Brief
Your output should be the complete listing, word for word, with no pictures in it.

Information shown
%%
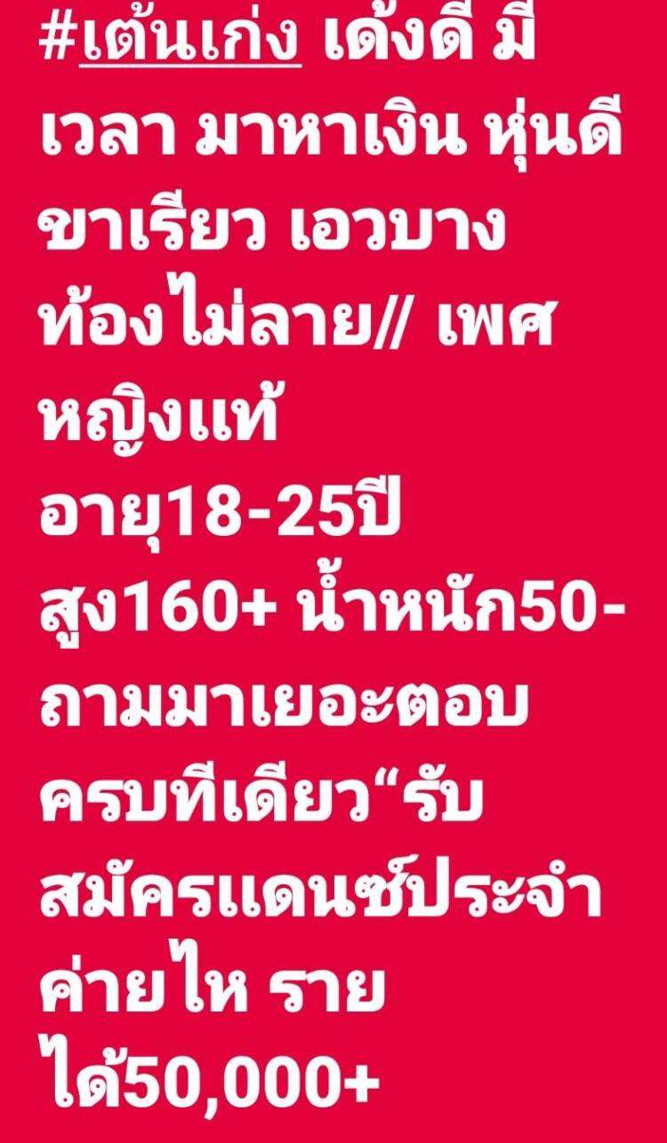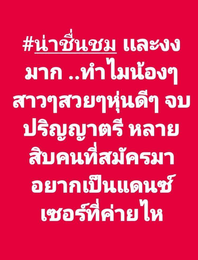 ต่อมาได้โพสต์ว่า #น่าชื่นชม และงงมาก ทำไมน้องๆ สาวๆ สวยๆ หุ่นดีๆ จบปริญญาตรีหลายสิบคนที่สมัครอยากเป็นแดนเซอร์ที่ค่ายไห และ #เต้นเก่ง เด้งดี มีเวลา มาหาเงิน หุ่นดี ขาเรียว เอวบาง ท้องไม่ลาย เพศหญิงแท้ อายุ 18-25 ปี สูง 160+ น้ำหนัก 50- ถามมาเยอะตอบครบทีเดียว รับสมัครแดนซ์ประจำค่ายไห รายได้ 50,000+
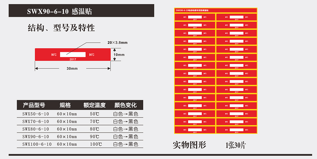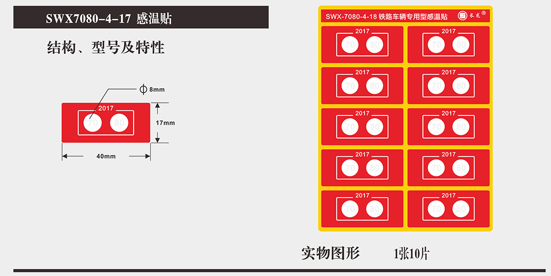 Special temperature label for passenger railway wire and cable (SWX series) is manufactured in accordance with the TJ/CL442-2015 "Temporary Technical Conditions of Special Thermometric Label for Passenger railway wire and cable" issued by China Railw...
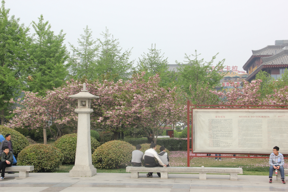 大雁塔 出来去青龙寺 ,不要门票,是樱花园什么的,记不太清了,西安 的门票实在太多了,好在有学生证,各位驴友出去可以的话还是要办个学生证,在西安 起码可以省300+的,成本只要40,很划算。
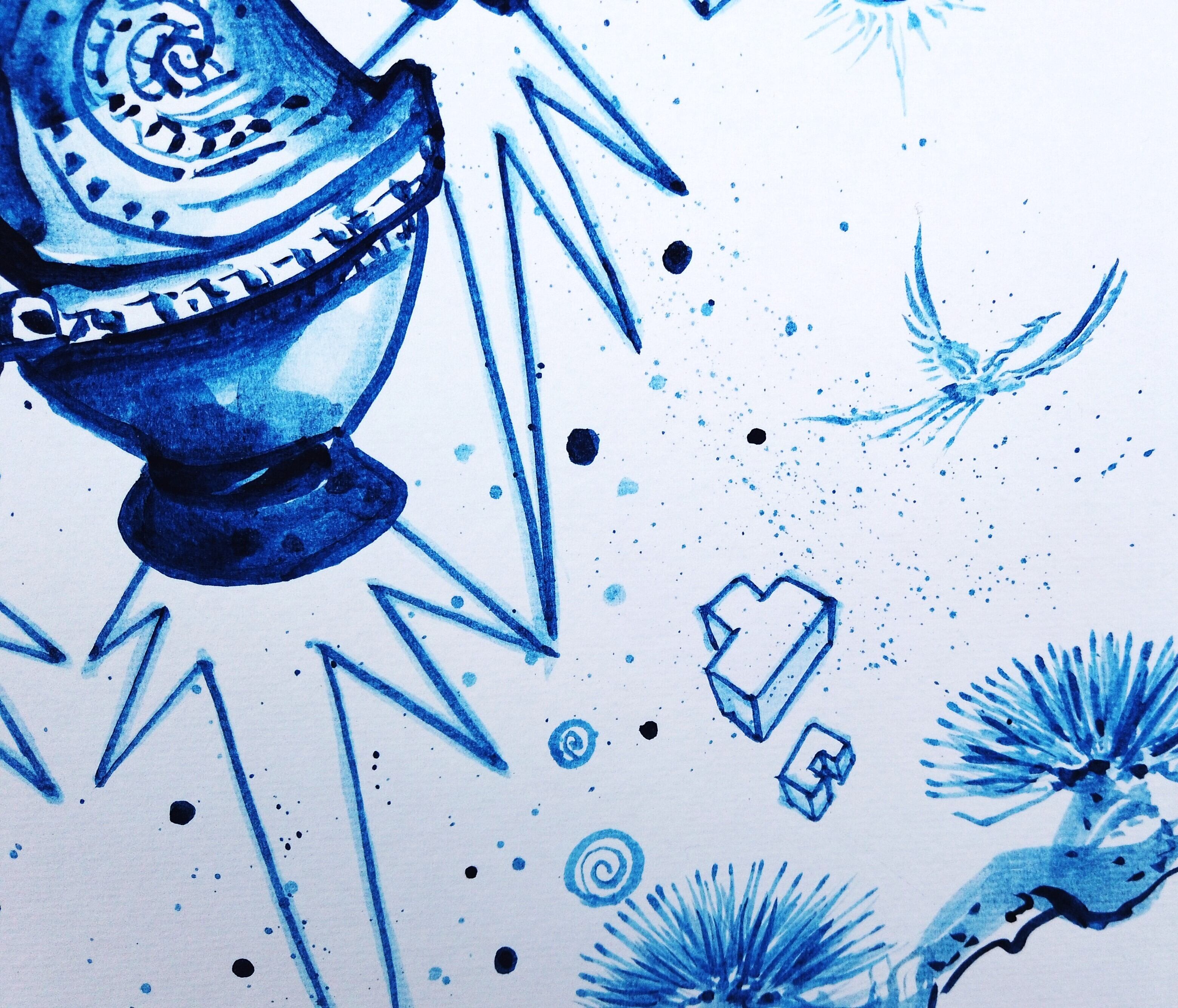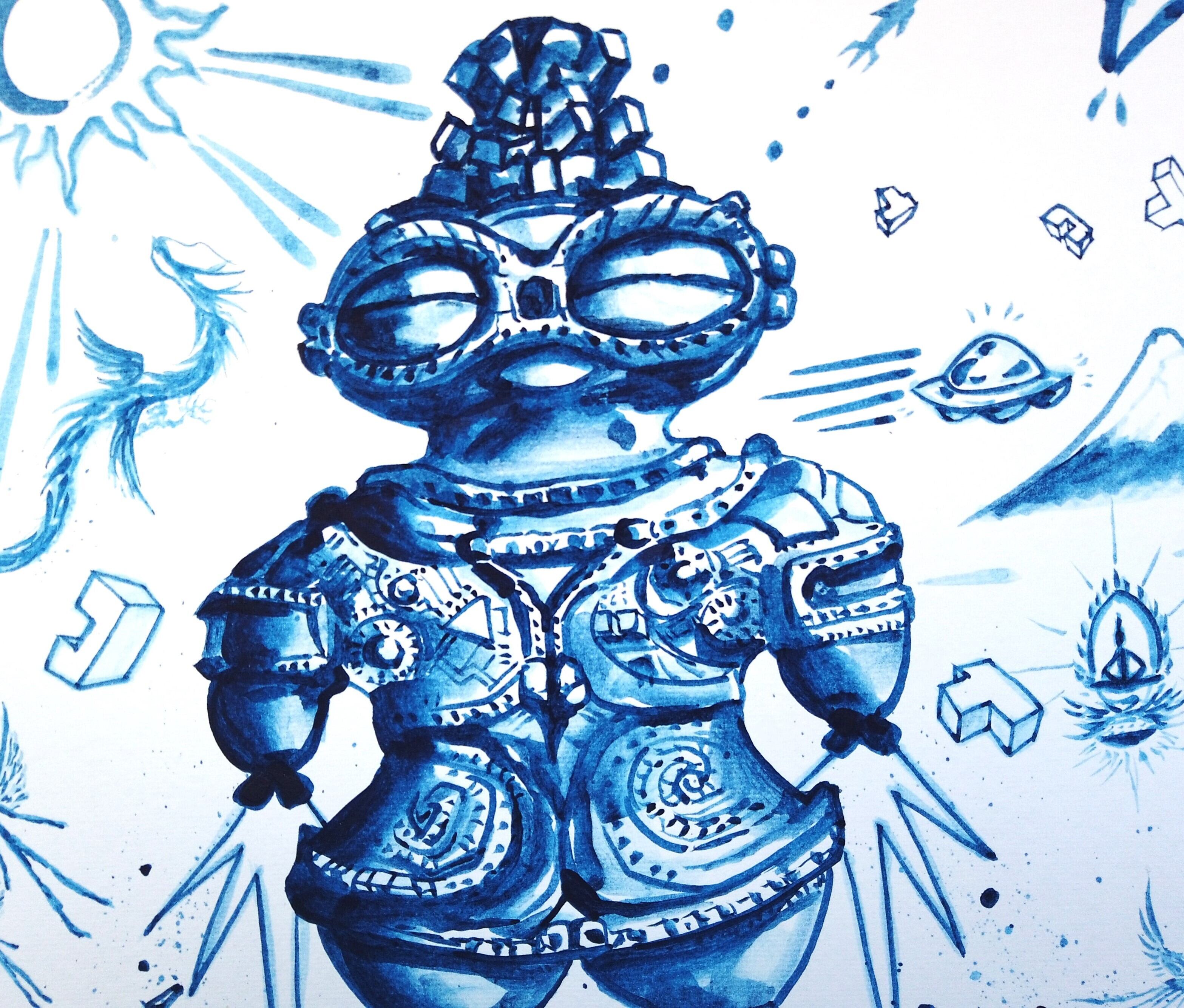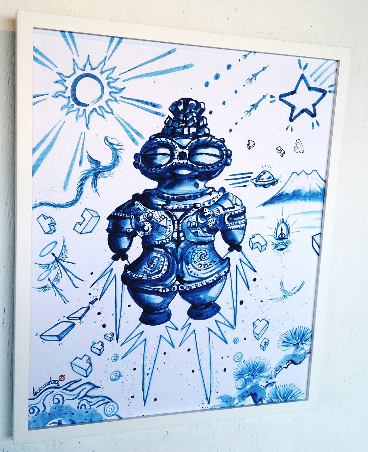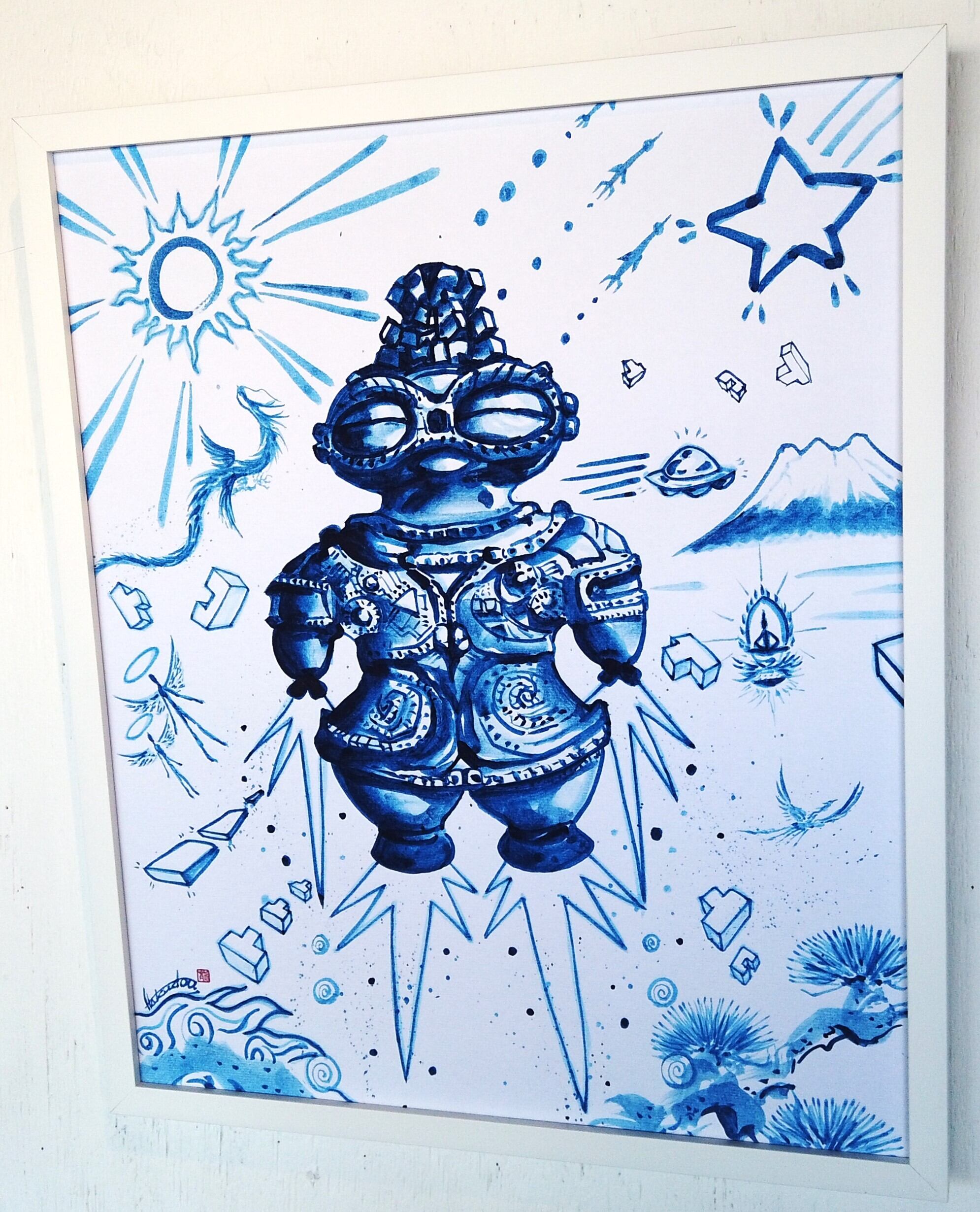 現代水墨画家 絵師白道 「Super Sonic Jet boy world」 (青ボンド墨) 直筆作品 証明書カード付 龍 土偶 鳳凰 絵 絵画 現代アート
%%
Response for this exercise
 ต่อมาได้โพสต์ว่า #น่าชื่นชม และงงมาก ทำไมน้องๆ สาวๆ สวยๆ หุ่นดีๆ จบปริญญาตรีหลายสิบคนที่สมัครอยากเป็นแดนเซอร์ที่ค่ายไห และ #เต้นเก่ง เด้งดี มีเวลา มาหาเงิน หุ่นดี ขาเรียว เอวบาง ท้องไม่ลาย เพศหญิงแท้ อายุ 18-25 ปี สูง 160+ น้ำหนัก 50- ถามมาเยอะตอบครบทีเดียว รับสมัครแดนซ์ประจำค่ายไห รายได้ 50,000+
 Special temperature label for passenger railway wire and cable (SWX series) is manufactured in accordance with the TJ/CL442-2015 "Temporary Technical Conditions of Special Thermometric Label for Passenger railway wire and cable" issued by China Railw...
 大雁塔 出来去青龙寺 ,不要门票,是樱花园什么的,记不太清了,西安 的门票实在太多了,好在有学生证,各位驴友出去可以的话还是要办个学生证,在西安 起码可以省300+的,成本只要40,很划算。
 現代水墨画家 絵師白道 「Super Sonic Jet boy world」 (青ボンド墨) 直筆作品 証明書カード付 龍 土偶 鳳凰 絵 絵画 現代アート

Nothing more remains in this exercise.